Items listed in a dataset
◇ ◇ ◇ ◇

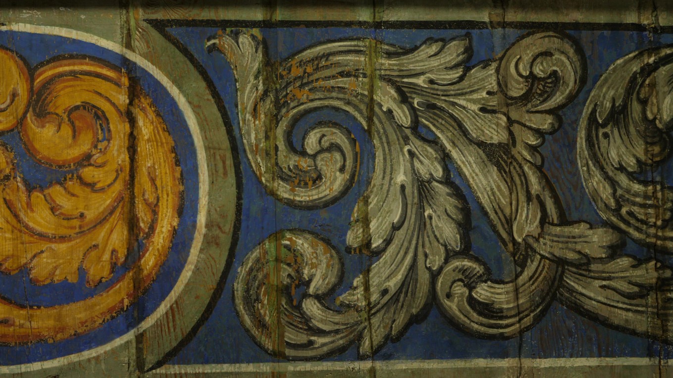 Der spannendste Raum im Bondlihaus ist sicher das sogenannte «Götterzimmer». Die derzeitige Sanierung brachte neue Erkenntnisse über dessen ursprüngliche Ausstattung zutage: Eine mit grünen Ranken bemalte Decke passt zu der frühbarocken Wandmalerei. Diese Raumfassung wurde allerdings bereits kurze Zeit nach ihrer Entstehung um 1689 mit einem Täfer überdeckt. Das aufwändig bemalte Grisaille-Täfer zeigt Figuren aus der Skulpturensammlung des Sonnenkönigs Louis XIV. Diese Ausstattung lässt den hohen Anspruch des damaligen Besitzers erahnen, ein eigenes Petit Versailles nach Bern zu bringen. Im Rahmen der aktuellen Untersuchungen konnte nachgewiesen werden, dass dieses sogenannte «Göttertäfer», das sich jahrelang im Schloss Oberhofen befand und dessen Herkunft lange falsch angenommen wurde, tatsächlich aus diesem Raum stammt. Gleichzeitig mit dem Einbau des «Göttertäfers» um 1700 wurde auch die Decke des Raums überfasst und zeigt seither ein Rankenmuster auf auffällig blauem Hintergrund. Die damals verwendete blaue Farbe war sehr kostbar, ist aber heute eine konservatorische Herausforderung. Nach der komplexen Restaurierung wird die Decke dem Raum wieder einen Teil seiner ursprünglichen Ausstrahlung zurückgeben.
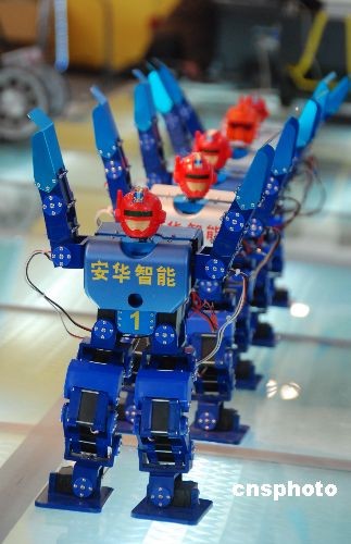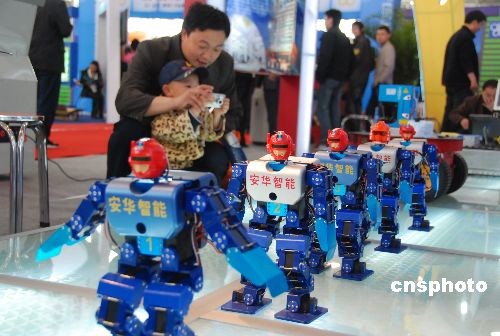 4月19日,机器人在文展会现场表演千手观音。为期三天的中国(潍坊)第二届文化暨旅游展示交易会在潍坊富华国际展览中心举行。具有时代气息的动漫系列和具有乡土气息的民间工艺品以及书画、古玩、陶瓷等8大版块同时亮相。 中新社发 孙树宝 摄
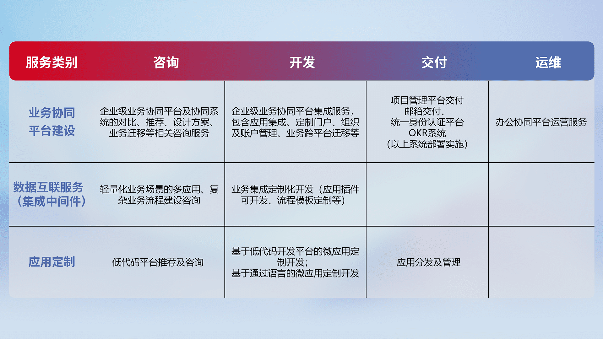 针对钉钉、、企微、、、IDaas等平台级产品提供产品的规划、、方案、、、、交付、、、定制化开发等服务,,实现如统一协同办公、、、智能客户服务、、、混合会议管理、、、智能数据查询、、、、等业务场景,,,,实现数字化转型。。。
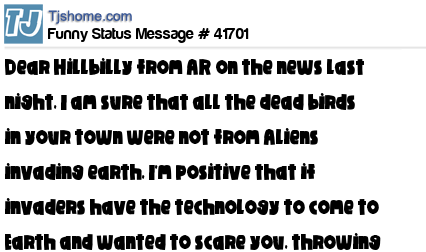 X is Dear Hillbilly from AR on the news last night, I am sure that all the dead birds in your town were not from Aliens invading earth, I'm positive that if invaders have the technology to come to Earth and wanted to scare you, throwing birds at you would no
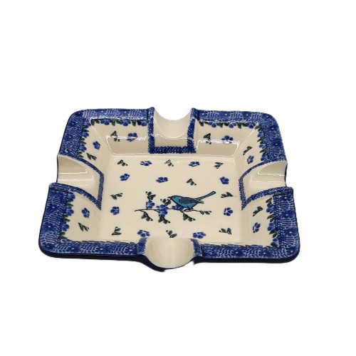 Elegancka ceramiczna popielnica wykonana ręcznie przez Spółdzielnię Rękodzieła Artystycznego w Bolesławcu. Ozdobiona bolesławieckim wzorem w odcieniach zieleni, granatu i bieli. Idealnie łączy funkcjonalność z artystycznym charakterem, dzięki czemu sprawdzi się zarówno w domu, jak i w ogrodzie czy na tarasie.
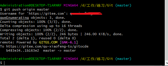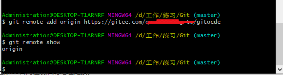 命令:git remote add origin URL //添加远程仓库起名origin,URL是你自己gitee官网注册后的地址链接。
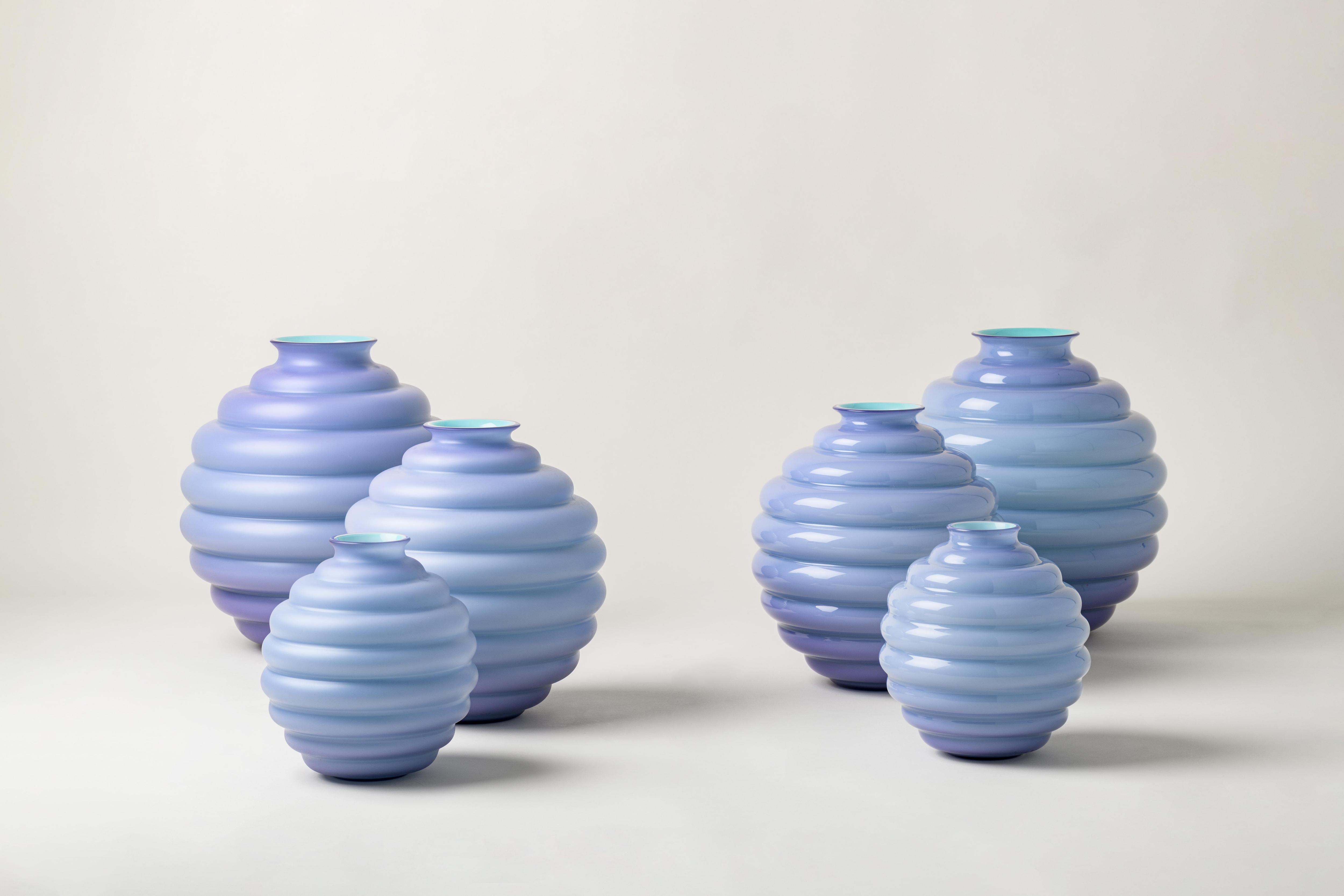 Коллекция Lilla Menta вдохновлена венецианскими пейзажами. Выполненные из муранского стекла, изделия сочетают в себе сиреневый, голубой, синий, мятный и лиловый. Нежные градиенты имитируют блики на воде, а плавные формы олицетворяют спокойствие и единение со стихией.

◇ ◇ ◇ ◇

* **EXERCISE OBJECTIVE**
Every entry should be written out word for word, except for its pictures.

* **EXPECTED ANSWER**
 Der spannendste Raum im Bondlihaus ist sicher das sogenannte «Götterzimmer». Die derzeitige Sanierung brachte neue Erkenntnisse über dessen ursprüngliche Ausstattung zutage: Eine mit grünen Ranken bemalte Decke passt zu der frühbarocken Wandmalerei. Diese Raumfassung wurde allerdings bereits kurze Zeit nach ihrer Entstehung um 1689 mit einem Täfer überdeckt. Das aufwändig bemalte Grisaille-Täfer zeigt Figuren aus der Skulpturensammlung des Sonnenkönigs Louis XIV. Diese Ausstattung lässt den hohen Anspruch des damaligen Besitzers erahnen, ein eigenes Petit Versailles nach Bern zu bringen. Im Rahmen der aktuellen Untersuchungen konnte nachgewiesen werden, dass dieses sogenannte «Göttertäfer», das sich jahrelang im Schloss Oberhofen befand und dessen Herkunft lange falsch angenommen wurde, tatsächlich aus diesem Raum stammt. Gleichzeitig mit dem Einbau des «Göttertäfers» um 1700 wurde auch die Decke des Raums überfasst und zeigt seither ein Rankenmuster auf auffällig blauem Hintergrund. Die damals verwendete blaue Farbe war sehr kostbar, ist aber heute eine konservatorische Herausforderung. Nach der komplexen Restaurierung wird die Decke dem Raum wieder einen Teil seiner ursprünglichen Ausstrahlung zurückgeben.
 4月19日,机器人在文展会现场表演千手观音。为期三天的中国(潍坊)第二届文化暨旅游展示交易会在潍坊富华国际展览中心举行。具有时代气息的动漫系列和具有乡土气息的民间工艺品以及书画、古玩、陶瓷等8大版块同时亮相。 中新社发 孙树宝 摄
 针对钉钉、、企微、、、IDaas等平台级产品提供产品的规划、、方案、、、、交付、、、定制化开发等服务,,实现如统一协同办公、、、智能客户服务、、、混合会议管理、、、智能数据查询、、、、等业务场景,,,,实现数字化转型。。。
 X is Dear Hillbilly from AR on the news last night, I am sure that all the dead birds in your town were not from Aliens invading earth, I'm positive that if invaders have the technology to come to Earth and wanted to scare you, throwing birds at you would no
 Elegancka ceramiczna popielnica wykonana ręcznie przez Spółdzielnię Rękodzieła Artystycznego w Bolesławcu. Ozdobiona bolesławieckim wzorem w odcieniach zieleni, granatu i bieli. Idealnie łączy funkcjonalność z artystycznym charakterem, dzięki czemu sprawdzi się zarówno w domu, jak i w ogrodzie czy na tarasie.
 命令:git remote add origin URL //添加远程仓库起名origin,URL是你自己gitee官网注册后的地址链接。
 Коллекция Lilla Menta вдохновлена венецианскими пейзажами. Выполненные из муранского стекла, изделия сочетают в себе сиреневый, голубой, синий, мятный и лиловый. Нежные градиенты имитируют блики на воде, а плавные формы олицетворяют спокойствие и единение со стихией.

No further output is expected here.